Source records:
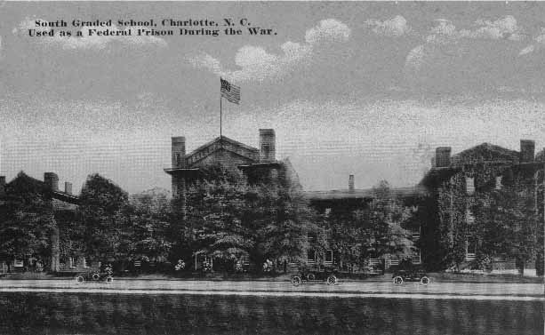 Black and white image of a postcard of South Graded School, which in the beginning was the Carolina Military Institute but used as a Federal Prison during the Civil War. Physical Description: 8x10 glossy Publisher: Unknown
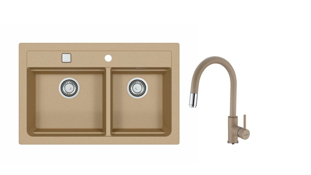Vestavěný dřez, univerzál. Provedení : granitový dřez Vnější rozměr: 790 x 500 mm Rozměr vaničky: 390 x 340 x 195 mm 300 x 340 x 145 mm Exentrický sítkový ventil 3 1/2 s přepadem, sifon pro úsporu místa s odbočkou na myčku Úchyty a těsnění pro upevnění dřezu v balení S otvorem pro baterii Předfrézované tři otvory Návod pro instalaci v obrázcích na obale Instalace do skříňky při montáži: I- o šířce 800 mm, U- o šířce 900 mm Váha: 17,5 kg Rozměry balení (mm): 904x598x263 Vysokotlaká baterie otočné ramínko vytahovací sprška rozměr:207 x 380 mm provedení: barevný nástřik
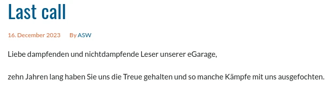 in welchem mitgeteilt wird, dass aus Sicht der Herausgeber / Autoren „fast alle Storys erzählt sind“, weshalb das Projekt eGarage zum Jahresende eingestellt wird.
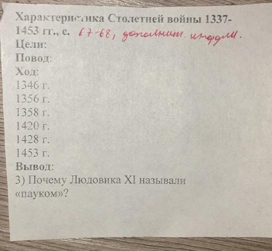 3)Ответ: Людовик свёл политику к интригам, в чем очень преуспел. Вообще, у него были благие намерения - объединение Франции и борьба с самостоятельностью крупных феодалов, но само прозвище он получил за свою хитрость, коварство и интриги.
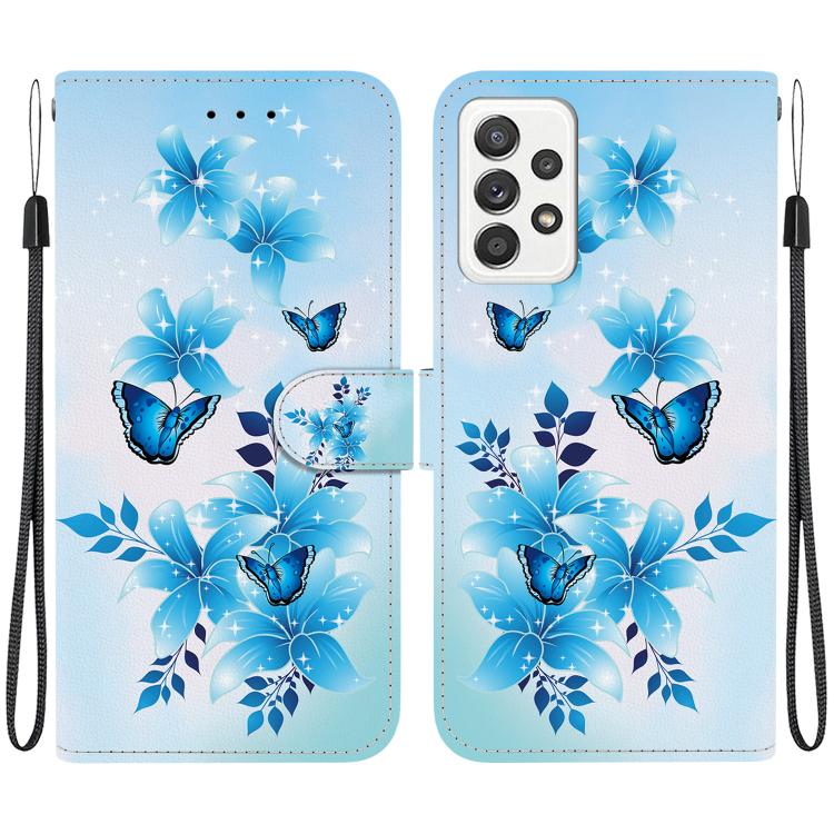 For Samsung Galaxy A73 5G Crystal Texture Colored Drawing Leather Phone Case(Blue Butterflies)
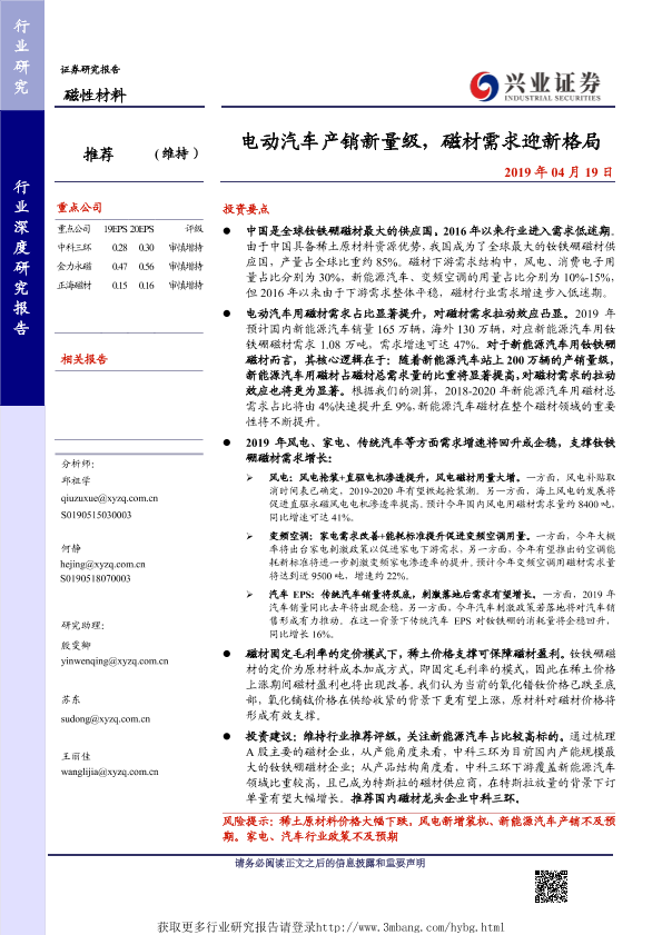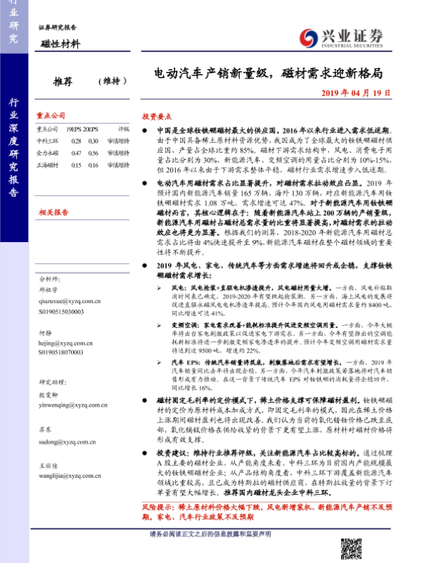 【兴业证券】【20190419】电动汽车产销新量级,磁材需求迎新格局-24页
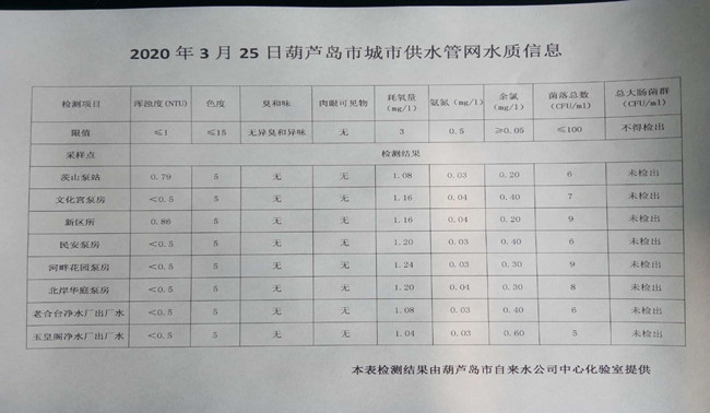 2020年3月25日葫蘆島市城市供水管網(wǎng)水質(zhì)信息
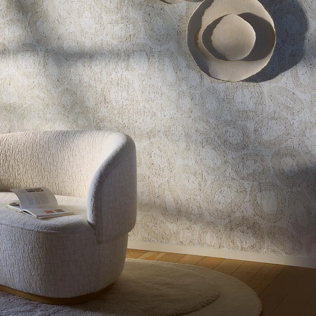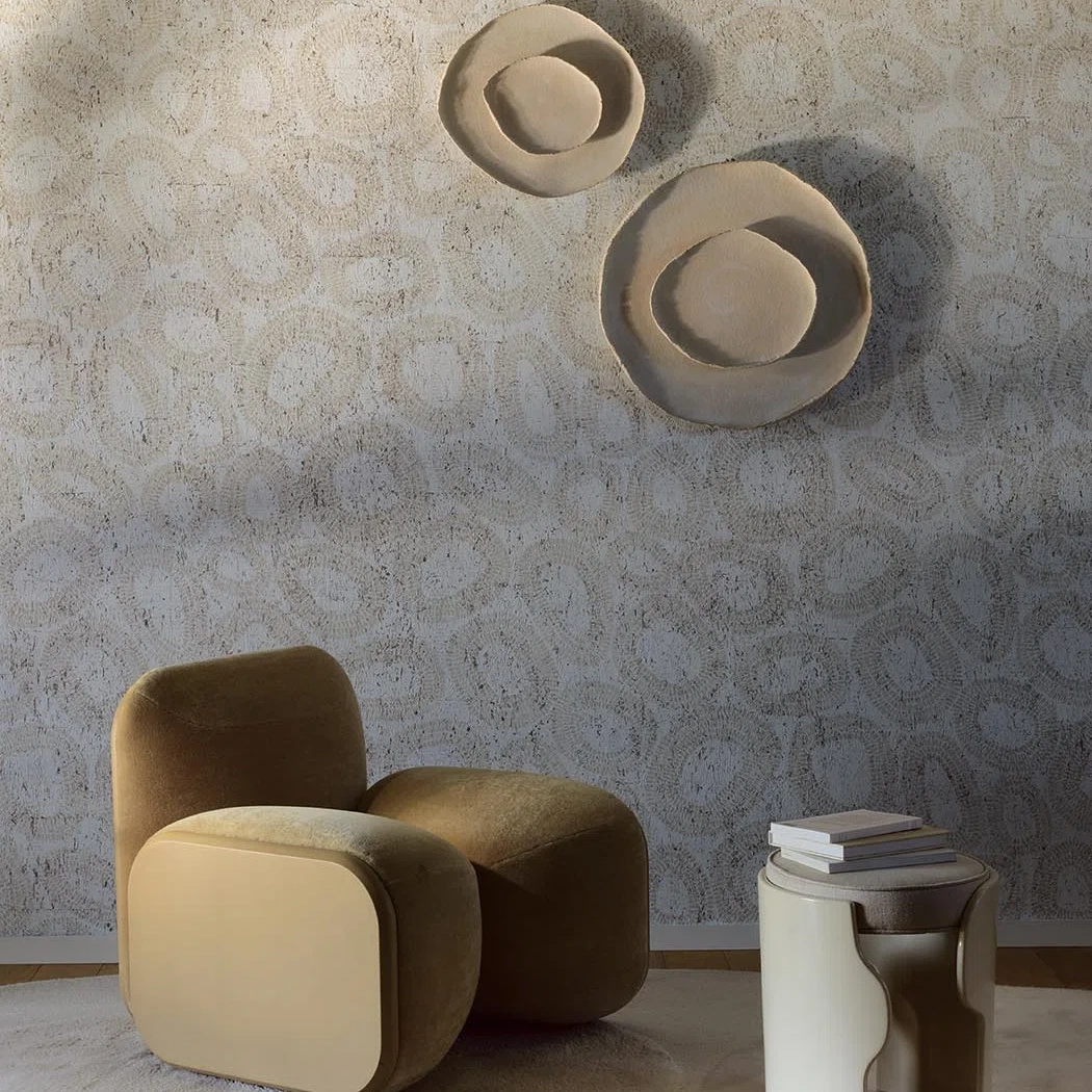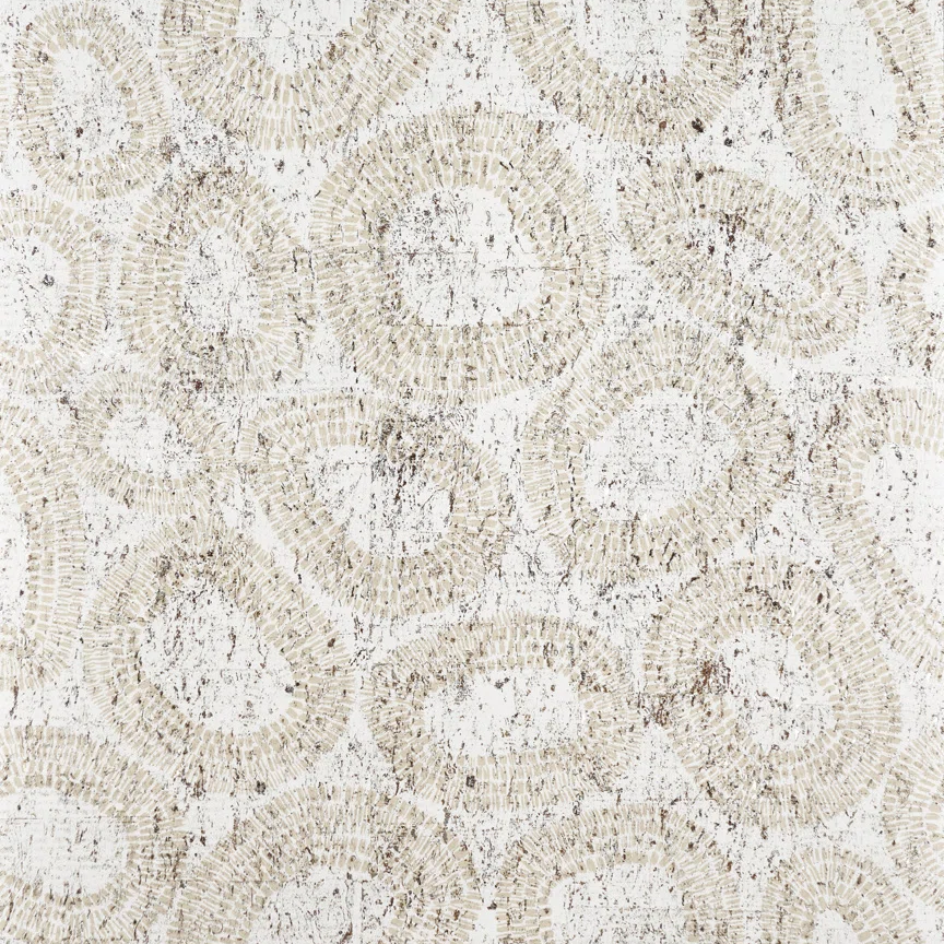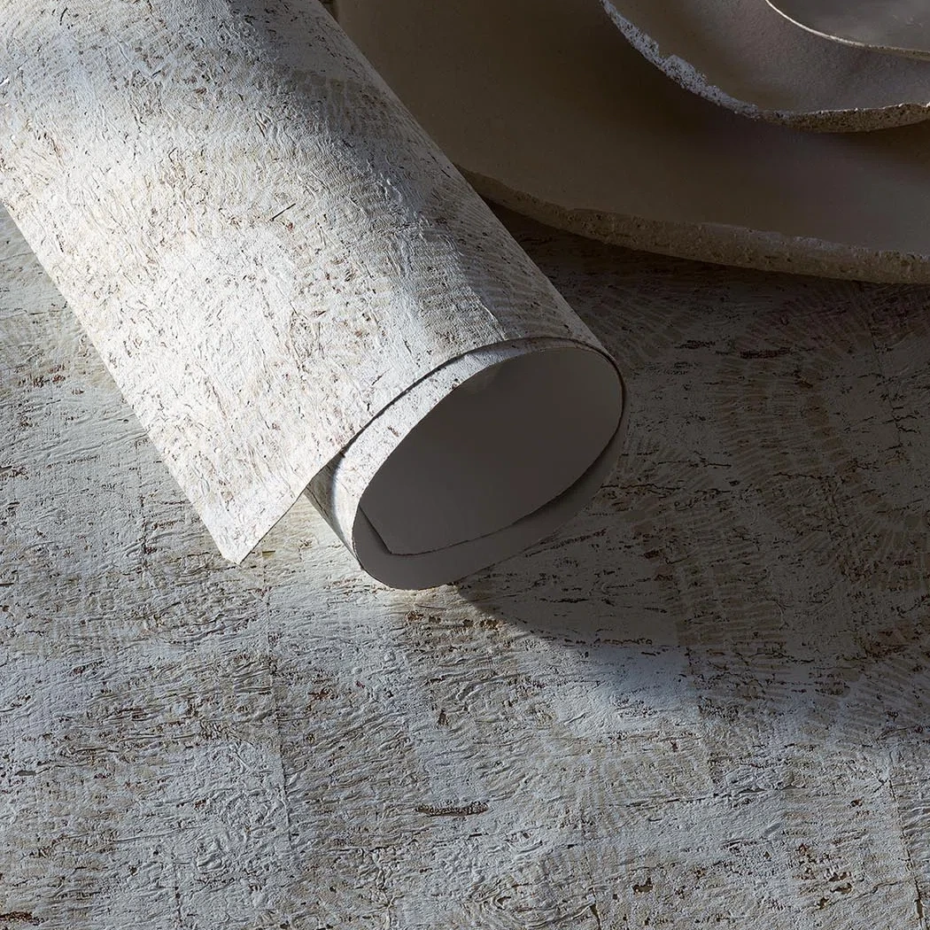 This graphic and mineral pattern is printed on bleached cork, subtly enhanced with metallic reflections.

Task to carry out - Needed here is a verbatim copy of the data from the first line through the line with "in welchem mitgeteilt", without pictures.

Solution to this problem -
 Black and white image of a postcard of South Graded School, which in the beginning was the Carolina Military Institute but used as a Federal Prison during the Civil War. Physical Description: 8x10 glossy Publisher: Unknown
Vestavěný dřez, univerzál. Provedení : granitový dřez Vnější rozměr: 790 x 500 mm Rozměr vaničky: 390 x 340 x 195 mm 300 x 340 x 145 mm Exentrický sítkový ventil 3 1/2 s přepadem, sifon pro úsporu místa s odbočkou na myčku Úchyty a těsnění pro upevnění dřezu v balení S otvorem pro baterii Předfrézované tři otvory Návod pro instalaci v obrázcích na obale Instalace do skříňky při montáži: I- o šířce 800 mm, U- o šířce 900 mm Váha: 17,5 kg Rozměry balení (mm): 904x598x263 Vysokotlaká baterie otočné ramínko vytahovací sprška rozměr:207 x 380 mm provedení: barevný nástřik
 in welchem mitgeteilt wird, dass aus Sicht der Herausgeber / Autoren „fast alle Storys erzählt sind“, weshalb das Projekt eGarage zum Jahresende eingestellt wird.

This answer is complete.